Just as Republicans feared, it increasingly looks as if the Affordable Care Act is here to stay.
Even before Donald Trump became the GOP's lastest attempt to recapture the White House, Republican lawmakers were gradually moving toward a certain level of acceptance of Obamacare.
Despite voting to repeal the landmark health law, over and over again, many were clearly hesitant to undo parts of the law that so many of their constituents had come to enjoy, including the Medicaid expansion and the subsidized private plans offered through Healthcare.gov.
Recommended For You
Faced with the very likely prospect of another Democratic administration, however, Republicans are likely moving even closer to permanently shelving their plans to repeal the ACA. Instead, reports Modern Healthcare, some Republicans are pondering a "grand bargain" with a President Hillary Clinton about the future of the ACA. They believe they could shape the law to reflect a more market-based approach to health care.
Some of the compromises could be achieved simply through negotiations with a Clinton administration.
One area of focus for conservatives is federal waivers to states that allow them to impose slightly different rules for their Medicaid programs, including requirements that beneficiaries of certain income levels be charged premiums.
The Obama administration has already granted a number of such waivers to GOP-run states that would not have embraced the Medicaid expansion otherwise, but conservatives hope to make such waivers easier to obtain or more widespread.
More fundamental changes to the ACA would require legislation, which would likely be harder to do. Barring a historic landslide election, power in Congress will likely be split, with Republicans in control of the House and Democrats either in control of the Senate or (at the very least) with enough votes to block legislation through filibuster.
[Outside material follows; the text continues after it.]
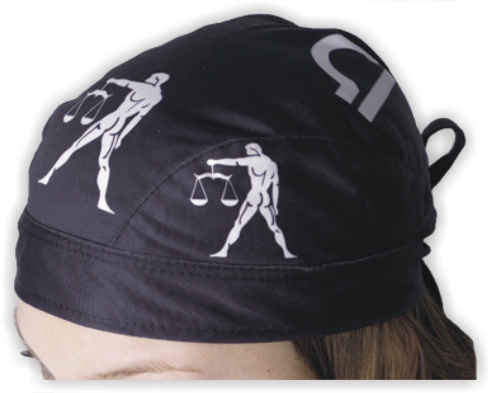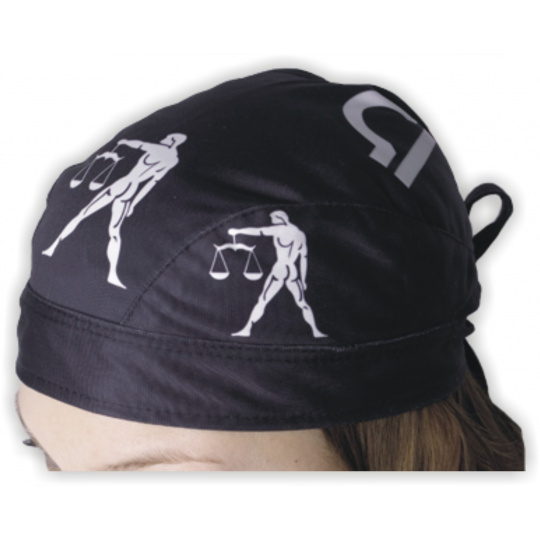Kvalitní textilní šátek-čepička na hlavu se stylovým potiskem.

If Trump loses as badly as current polling suggests, Republicans may be humbled enough to negotiate, but Democrats will likely feel even more emboldened to push the landmark law to the left, as Clinton has suggested she would do throughout her primary campaign against Bernie Sanders.
"It might be easier (to cut a deal) if Clinton is president," John Goodman, a conservative health policy strategist, told Modern Healthcare. "The problem is the Democrats can't be seen to be repealing Obamacare, and the Republicans can't be seen making Obamacare work better."
Democrats might be in a mood to compromise, however, if it is needed to save the existing parts of Obamacare.
With the exchanges threatened by the potential departures of major insurers, which claim they cannot turn a profit, the way to save the system might require a big appropriation of federal funding to increase subsidies to the exchanges, both to help consumers afford their plans and to help offset the losses that insurers are experiencing.